SİNOP ÜNİVERSİTESİ BAŞARININ MERKEZİ OLDU

Medine, spor sayesinde sosyal hayatında büyük değişimler yaşadı ve bu başarılarını akademik alana da taşıdı. Azmi ve çalışkanlığı sayesinde Sinop Üniversitesi Antrenörlük Bölümü’nü kazandı. Bu, Sinop Üniversitesi tarihinde özel gereksinimli bir öğrencinin antrenörlük bölümüne kabul edilmesi açısından bir ilk oldu. Üniversite eğitimiyle birlikte spor kariyerine de devam eden Medine, masa tenisinde kazandığı madalyalar ve şampiyonluklarla ilimize ve ülkemize büyük gurur yaşatmaya devam ediyor. Şimdilerde, hem okuluna hem de antrenmanlarına özveriyle devam ederek daha büyük başarılara imza atmayı hedefliyor. Medine Karakurt’un hikâyesi, Sinop Üniversitesi’nin sağladığı fırsatların ve bireysel çabanın bir insanın hayatını nasıl değiştirebileceğinin en güzel örneği. Medine, gençlere şu mesajı iletiyor: “Ben başardım, sen de başarabilirsin. Sıra sende!”

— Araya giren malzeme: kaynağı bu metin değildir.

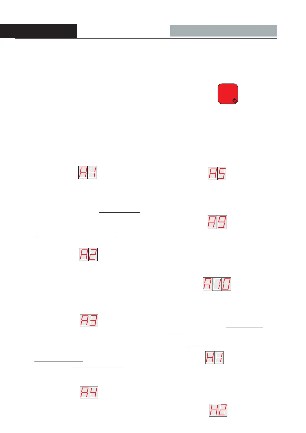 Las siglas de alarma y los avisos de las funciones activas en el display durante el funcionamiento de la máquina son:

Medine Karakurt, başarıya giden yolda verdiği mücadeleyi şu şekilde anlattı:

“2007 doğumluyum. Bostancılı köyünde doğdum. Annemle babam köy işleriyle uğraşıyor. İki kardeşim var. Hafif düzeyde mental engelli doğmuşum. Çocukluğum, annemle babam hep köy işinde yardım ederken geçti. Annemle babam hep köy işinde yardım ederken geçti. Annemle hep ahıra giderdik, babamla tarlaya giderdik, bağ bahçe yapardık. Okuldayken hiç arkadaşım yoktu. Hiç konuşamıyordum kimseyle, hep utanıyordum. Hiç kimseyle bağım yoktu bu zamana kadar. Hep köy işiyle, annemle babamla uğraşıyordum. Çocukluğum böyle geçti.

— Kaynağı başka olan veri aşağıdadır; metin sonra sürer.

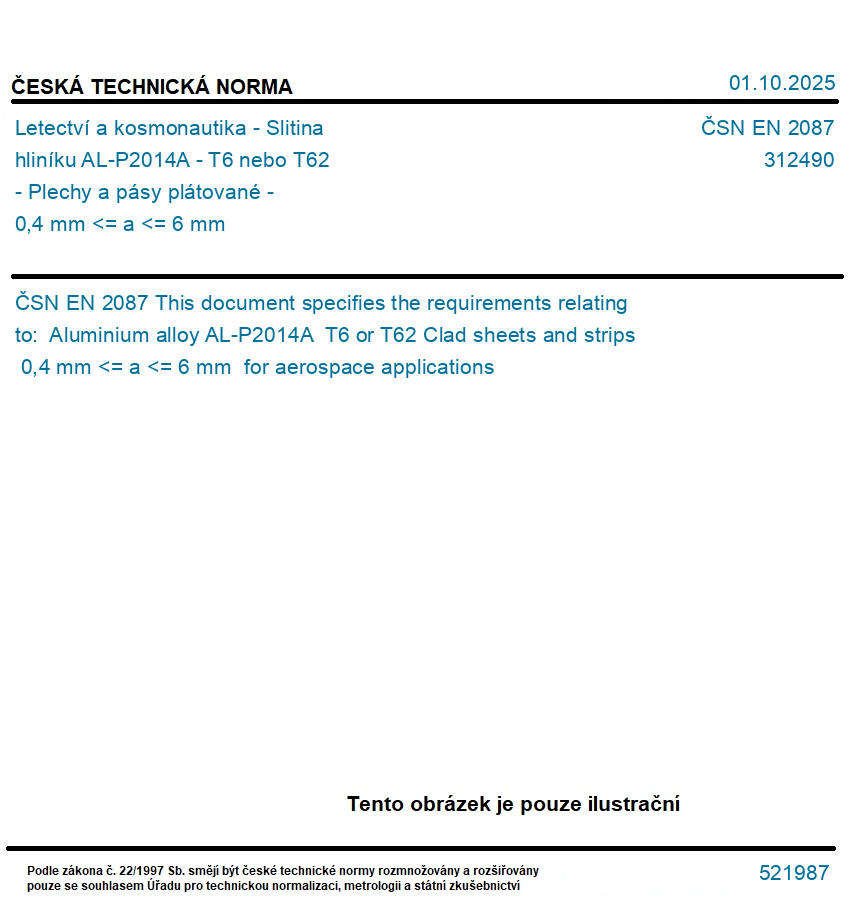 Letectví a kosmonautika - Slitina hliníku AL-P2014A - T6 nebo T62 - Plechy a pásy plátované - 0,4 mm <= a <= 6 mm

FATMA HOCAM AİLEMİ İKNA ETTİ

Ben okula kaynaştırma öğrencisi olarak başladım. Fatma hocam okul taramalarına  gelince beni kaynaştırma öğrencisi olarak buldu. Benimle nasıl masal tenis oynuyorum diye bana baktı, gözlemledi, beni çok beğendi. Ama benim ailem karşı çıktığı için Fatma hocam ailemle konuştu. Ben de çok istediğim için ailemle konuştum. Onlar da tamam oynayabilirsin dedi. Ailem sonra izin verince ben de masal tenisi oynamaya başladım.

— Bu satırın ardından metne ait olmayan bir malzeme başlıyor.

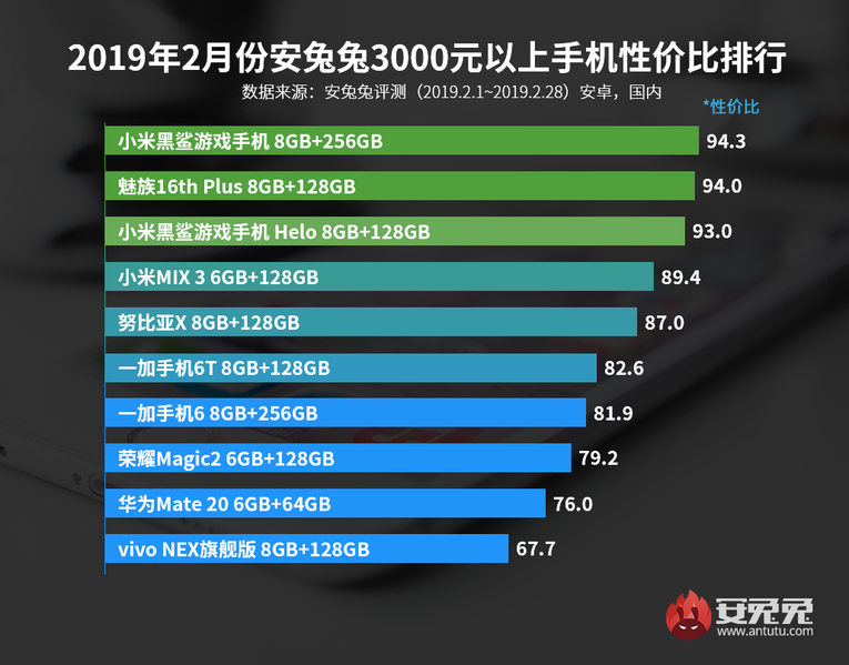 Компания AnTuTu опубликовала несколько рейтингов, в которых собраны лучшие смартфоны из мира Android по соотношению цены и качества (или цены и характеристик) в разных ценовых категориях по состоянию на февраль этого года.

FATMA HOCAM BENİ EVDEN ALIP EVE BIRAKIYORDU

İlk zamanlar okulda masal tenisi oynamaya başladım. Fatma hocam hep okullara geldi. Beraber oynamaya başladı. Sonra beni ilerleyince beni salonlara çağırdı. Tabii benim evim çok uzak olduğu için ben gidip gelemiyordum. Fatma hoca da benim öğrenmem için sabahları alıyor, akşamları hep bırakıyordu evimi. Orada hep böyle her gün her hafta antrenman yapıyorduk. Hep beni özel çalıştırıyordu.

 

AİLEM BENİMLE ÇOK GURUR DUYDU

Fatma Hocam Türkiye Şampiyonası'na katılmamı istedi ve ilk maç İstanbul'daydı. Tabii ben çok heyecanlandım, çok gururlandım. Nasıl olacak, nasıl edecek, nasıl gidecek, nasıl maç alacağım? Sonra ilk maçım oldu. İlk maçımda 3-1 yendim. Tabii ki de Türkiye birincisi oldum diğer maçlarımı da alarak. Çok gururlandım. Dedim ki kendime daha çok hırslanacağım, bundan sonra daha büyük yerlere geleceğim dedim. Ailem benimle çok gurur duydu. Bana çok destek verdiler. Fatma Hocanın sayesinde, Fatma Hocanın desteğiyle de. Her gün beni antrenmana getirmeye çalıştılar ve daha çok üstüne inşallah katacağız. 4 sene okul sporlarında Türkiye birincisi oldum. Kulüplerde de birinci oldum.

SPOR SAYESİNDE HAYATIM ÇOK DEĞİŞTİ

Herkese iletişim kurabiliyorum, mesajlar yazabiliyorum. Arkadaşlarım var, gezip tozabiliyorum. Hepsi spor sayesinde.  Spor sayesinde Sinop Üniversitesi'ni kazandım. Sinop Üniversitesi antrenörlük bölümünde birinci sınıf okuyorum. Hem antrenman hem okuluma gidip geliyorum. Dolayısıyla ben başardım. Sen de başarabilirsin. Sıra sende.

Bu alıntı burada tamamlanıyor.